Nemotron-Ultra-253B: specs, benchmarks, and how to run it on Lyceum
NVIDIA's 253B reasoning model optimized for single-node deployment.
Caspar Lehmkühler
June 24, 2026 · Head of Product at Lyceum Technology
Nemotron-Ultra-253B is a 253-billion-parameter large language model developed by NVIDIA. Derived from Meta's Llama 3.1 405B, it uses advanced Neural Architecture Search (NAS) and vertical compression to drastically reduce memory footprint without sacrificing intelligence. Post-trained for advanced reasoning, human-interactive chat, and tool calling, it features a 128K context window and a unique dual-mode operation for chain-of-thought generation. Lyceum Technology serves Nemotron-Ultra-253B via our OpenAI-compatible Serverless Inference API. You can deploy this model on our EU-sovereign infrastructure, ensuring full GDPR compliance and data residency while paying only for the tokens you consume.

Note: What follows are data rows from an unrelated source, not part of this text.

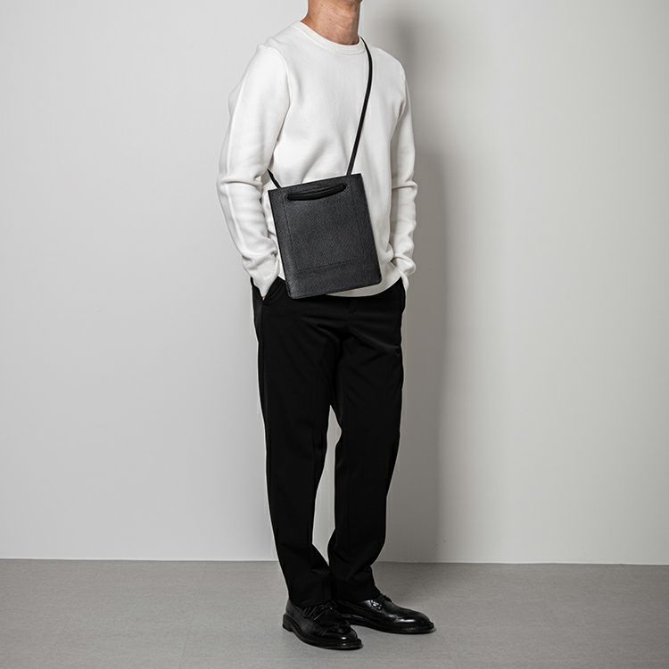 スリムで計算されたフォルムでミニマルさが引き立つ2WAYショルダー。シボの凹凸感が上品なイタリアの型押しレザーを使用。シンプルでスマートなフォルムが際立つデザインに。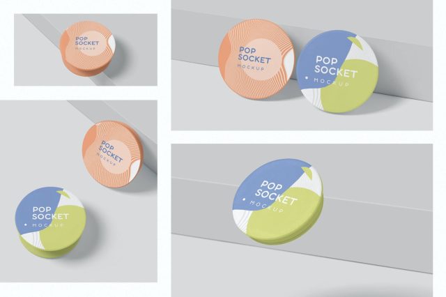 Premium quality pop socket mockups that will show any of your mobile back pop socket holder design. These mockups offer different angles to showcase your designs. You can use smart objects and well-named layers to personalize the designs, colors, effects, shadows and the background.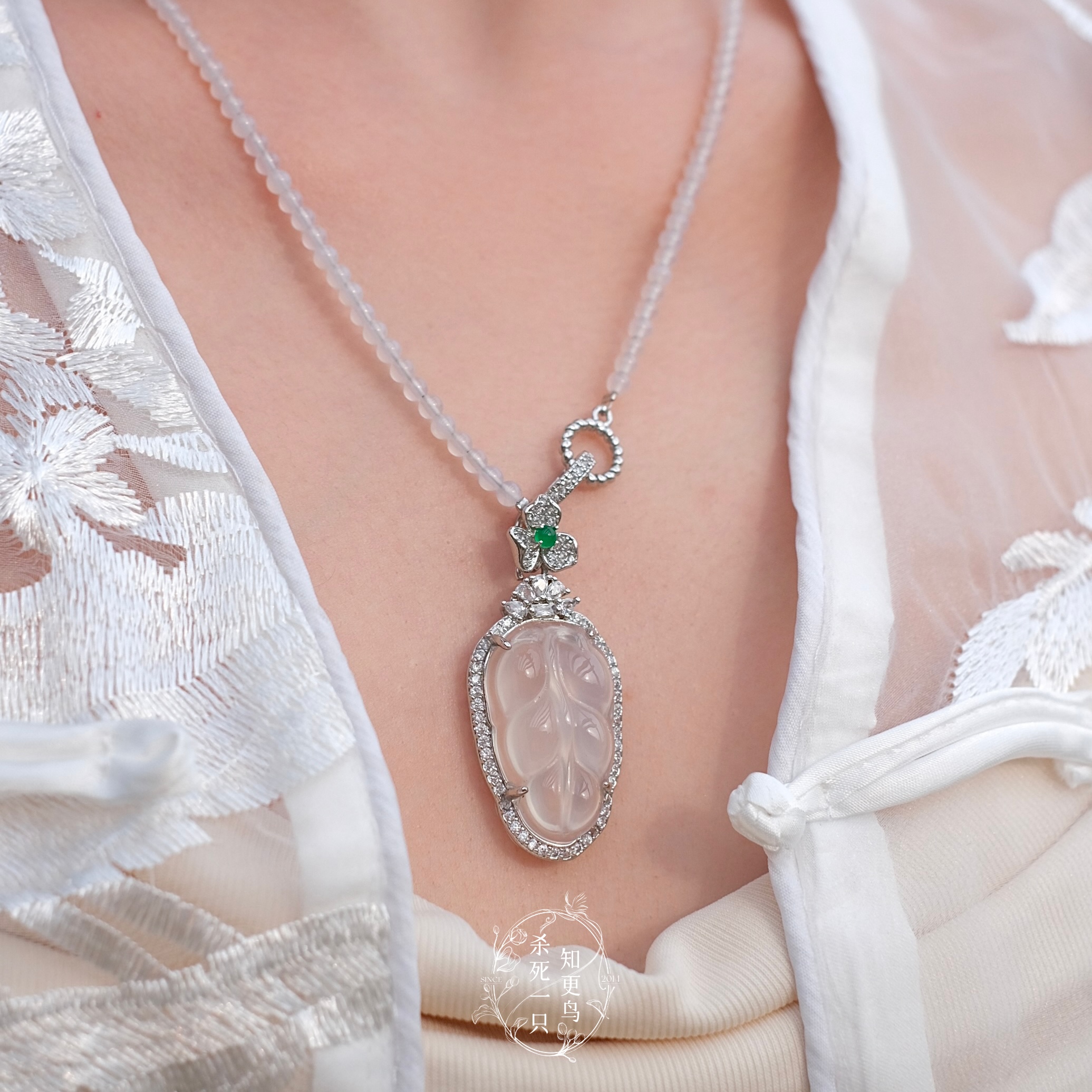 《玉生烟》新中式复古轻奢高冰玉髓葫芦树叶吊坠绿玛瑙项链锁骨链

Get started: call Nemotron-Ultra-253B on Lyceum
You can access Nemotron-Ultra-253B through Lyceum Technology's Serverless Inference API. Because our API is fully OpenAI-compatible, you can switch to our EU-hosted infrastructure by updating your base URL and API key.
from openai import OpenAI
client = OpenAI(
base_url="https://api.lyceum.technology/api/v2/external/serverless",
api_key="<your lyceum api key>",
)
response = client.chat.completions.create(
model="nvidia/Llama-3_1-Nemotron-Ultra-253B-v1",
messages=[{"role": "user", "content": "Hello!"}],
max_tokens=256,
)
print(response.choices[0].message.content)
Pricing and region for Nemotron-Ultra-253B
Lyceum Technology offers this model on our Standard tier, which provides high-capability compute for complex reasoning tasks. The model is hosted in our eu-north1 region, ensuring your data remains within European borders.
- Input pricing: $0.60 per million tokens
- Output pricing: $1.80 per million tokens
- Tier: Standard
- Region: eu-north1
What Nemotron-Ultra-253B is good at
Efficient frontier-level reasoning
Nemotron-Ultra-253B was built to solve a specific infrastructure problem: running a frontier-class reasoning model without requiring a massive GPU cluster. By applying Neural Architecture Search (NAS) and vertical compression to the Llama 3.1 405B architecture, NVIDIA reduced the parameter count to 253B. This allows the model to fit entirely on a single 8xH100 node for inference, significantly lowering the hardware barrier while maintaining top-tier reasoning capabilities for enterprise deployments.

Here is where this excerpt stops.